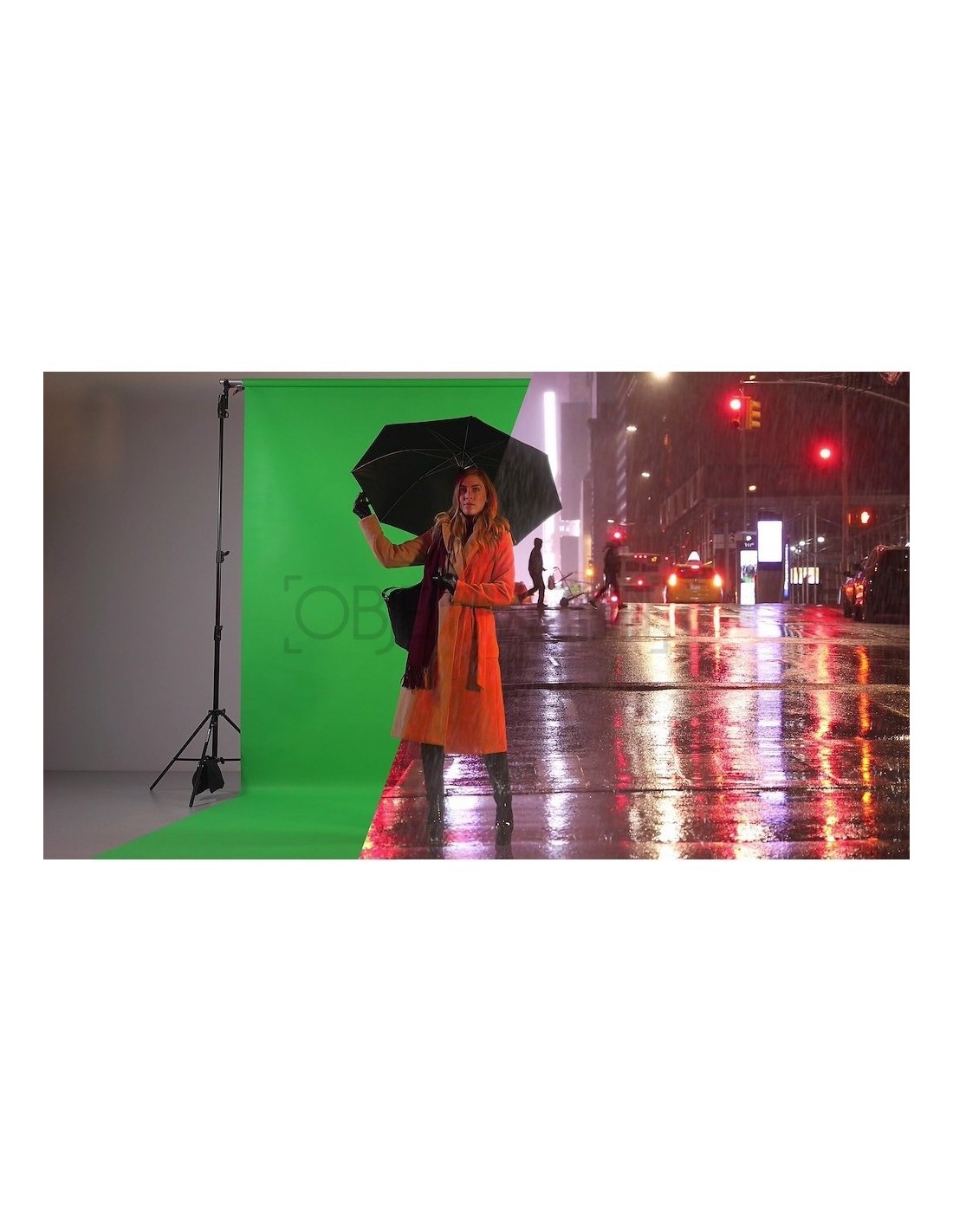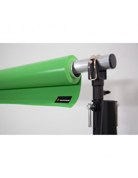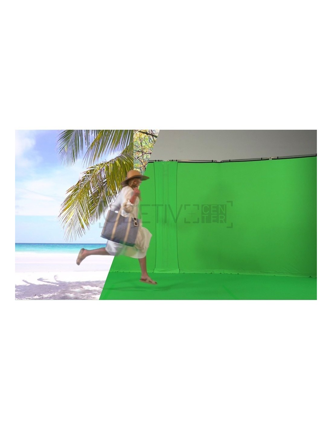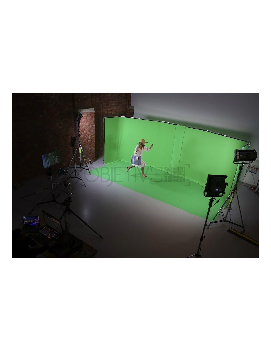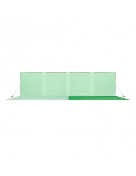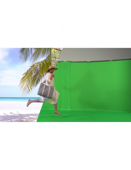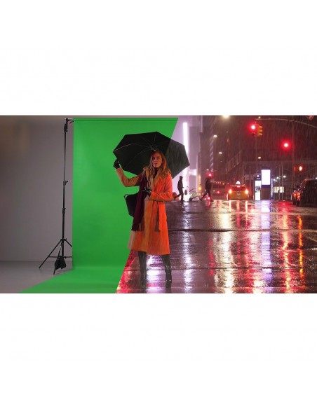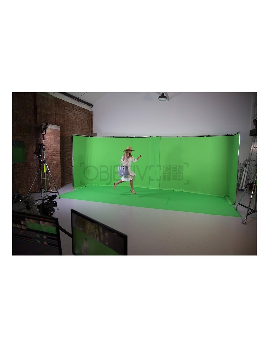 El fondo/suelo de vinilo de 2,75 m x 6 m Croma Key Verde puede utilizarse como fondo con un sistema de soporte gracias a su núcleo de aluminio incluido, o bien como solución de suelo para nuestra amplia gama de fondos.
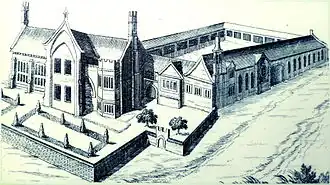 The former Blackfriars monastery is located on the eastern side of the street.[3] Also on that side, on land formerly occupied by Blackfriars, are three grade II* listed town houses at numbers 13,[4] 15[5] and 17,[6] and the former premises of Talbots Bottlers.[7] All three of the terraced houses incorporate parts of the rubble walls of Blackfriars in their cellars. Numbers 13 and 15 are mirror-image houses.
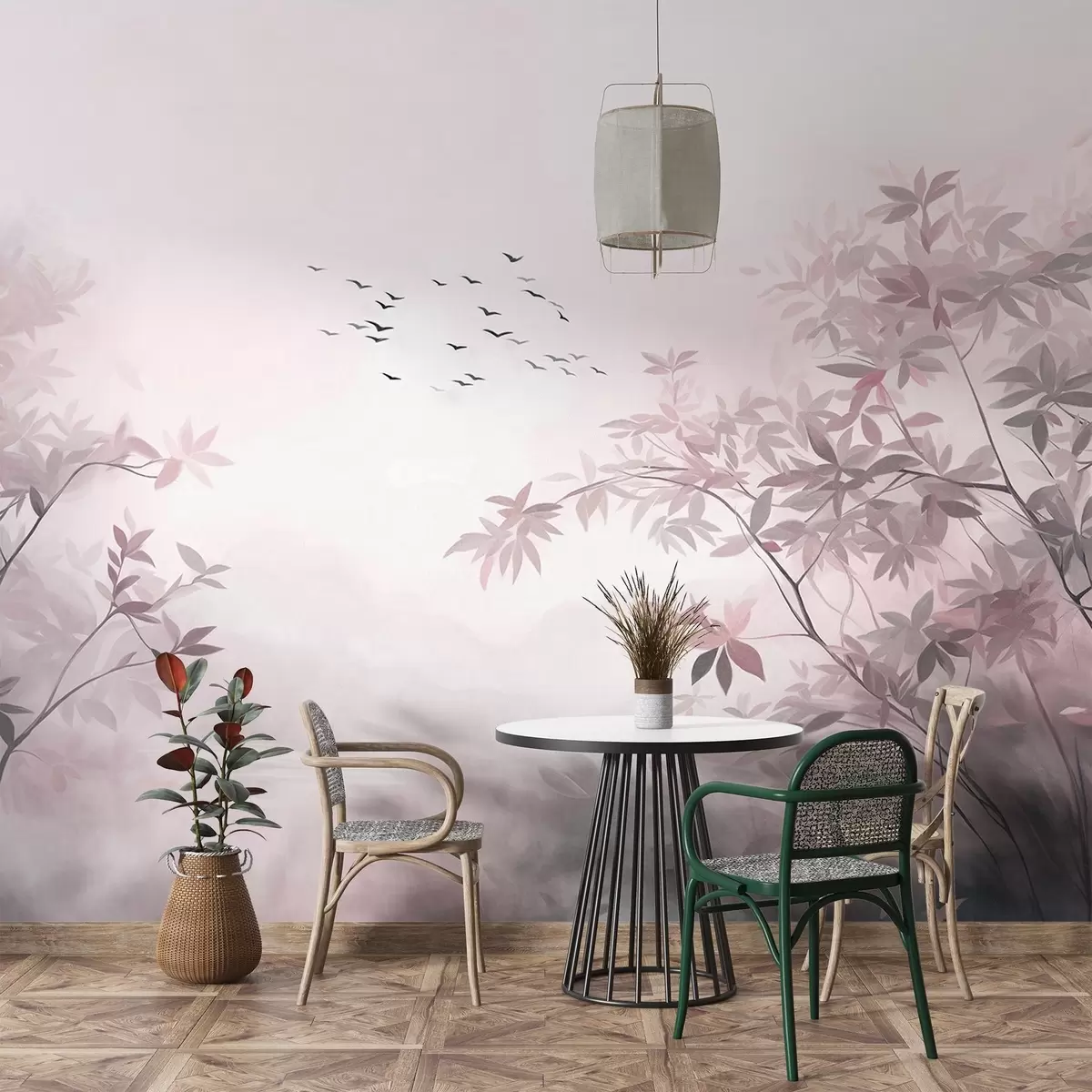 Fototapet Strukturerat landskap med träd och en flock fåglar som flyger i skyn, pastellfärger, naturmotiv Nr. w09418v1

Prompt: Set down all the data again exactly as above, pictures excluded.

Worked solution:
 El fondo/suelo de vinilo de 2,75 m x 6 m Croma Key Verde puede utilizarse como fondo con un sistema de soporte gracias a su núcleo de aluminio incluido, o bien como solución de suelo para nuestra amplia gama de fondos.
 The former Blackfriars monastery is located on the eastern side of the street.[3] Also on that side, on land formerly occupied by Blackfriars, are three grade II* listed town houses at numbers 13,[4] 15[5] and 17,[6] and the former premises of Talbots Bottlers.[7] All three of the terraced houses incorporate parts of the rubble walls of Blackfriars in their cellars. Numbers 13 and 15 are mirror-image houses.
 Fototapet Strukturerat landskap med träd och en flock fåglar som flyger i skyn, pastellfärger, naturmotiv Nr. w09418v1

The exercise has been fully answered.